MATERIAL TO PROCESS:
—————
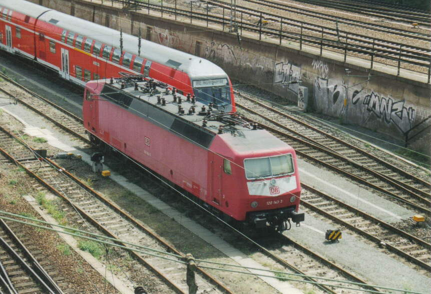 DB Class 120 electric locomotive at Dresden
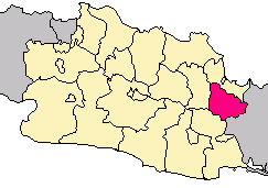 Location of Kuningan county, West Java province, Indonesia
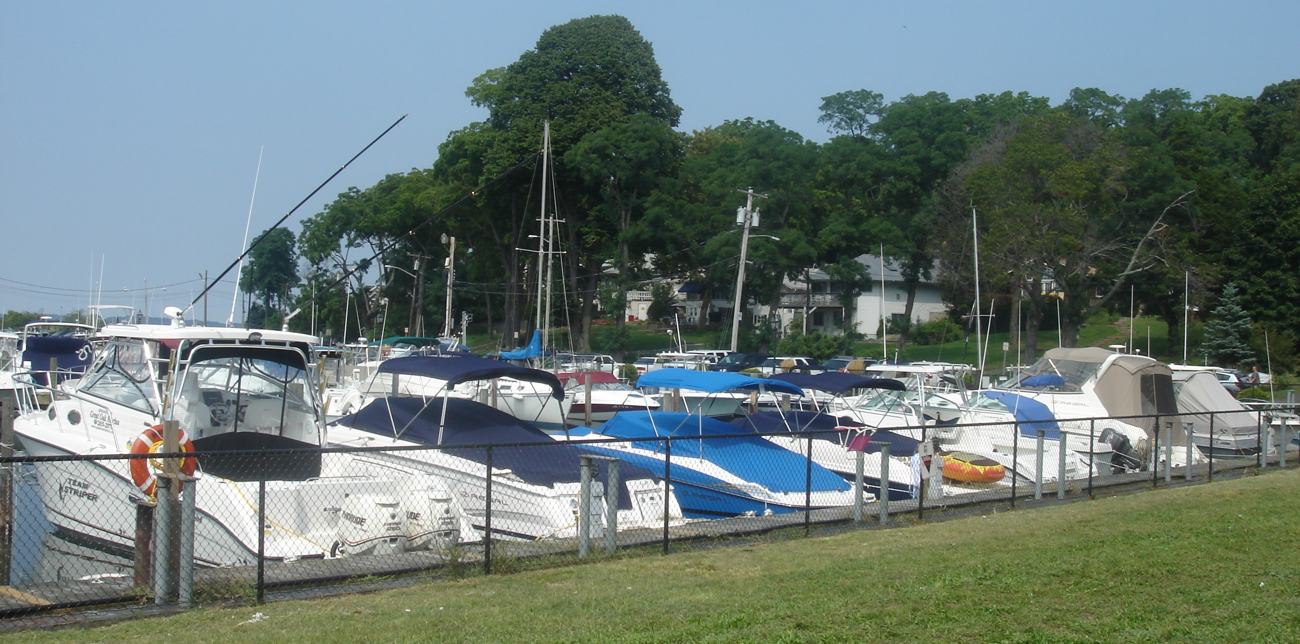 Marina in Stony Brook, Long Island.
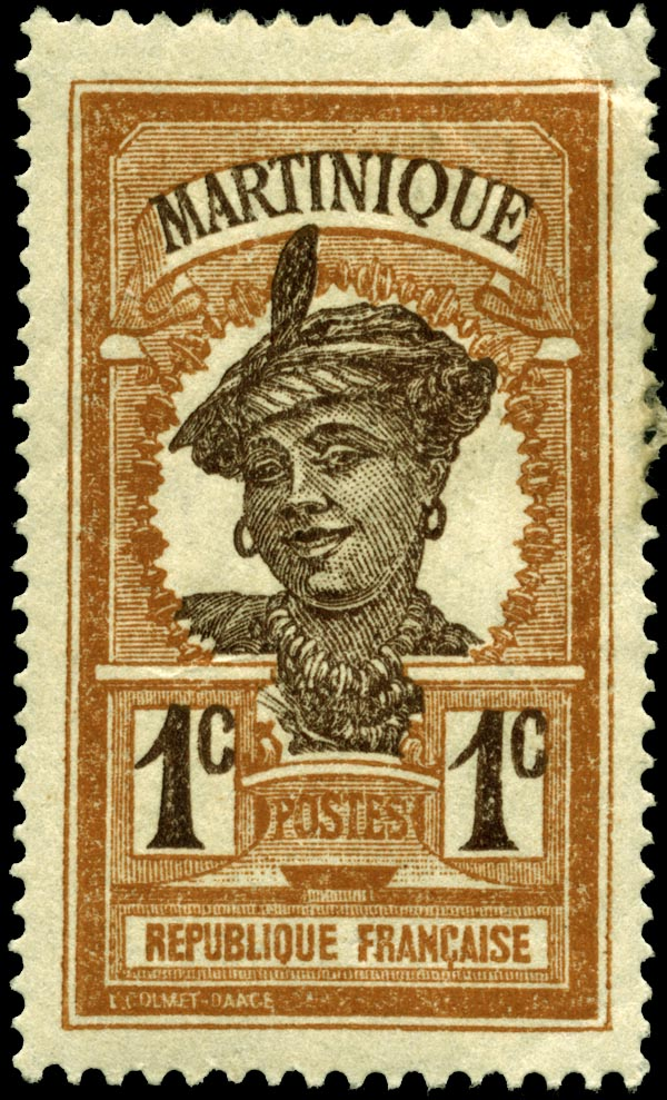 Martinique 1c stamp of 1908
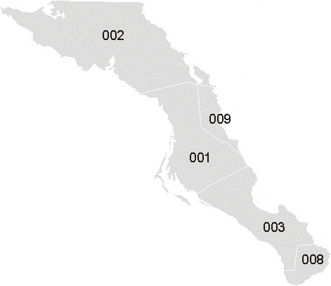 Map of the Municipalties of the State of Baja California Sur, México.
—————
TASK:
Each entry above is to be written out again unchanged, apart from the pictures, which are left out.

OUTPUT FOR THIS TASK:
 DB Class 120 electric locomotive at Dresden
 Location of Kuningan county, West Java province, Indonesia
 Marina in Stony Brook, Long Island.
 Martinique 1c stamp of 1908
 Map of the Municipalties of the State of Baja California Sur, México.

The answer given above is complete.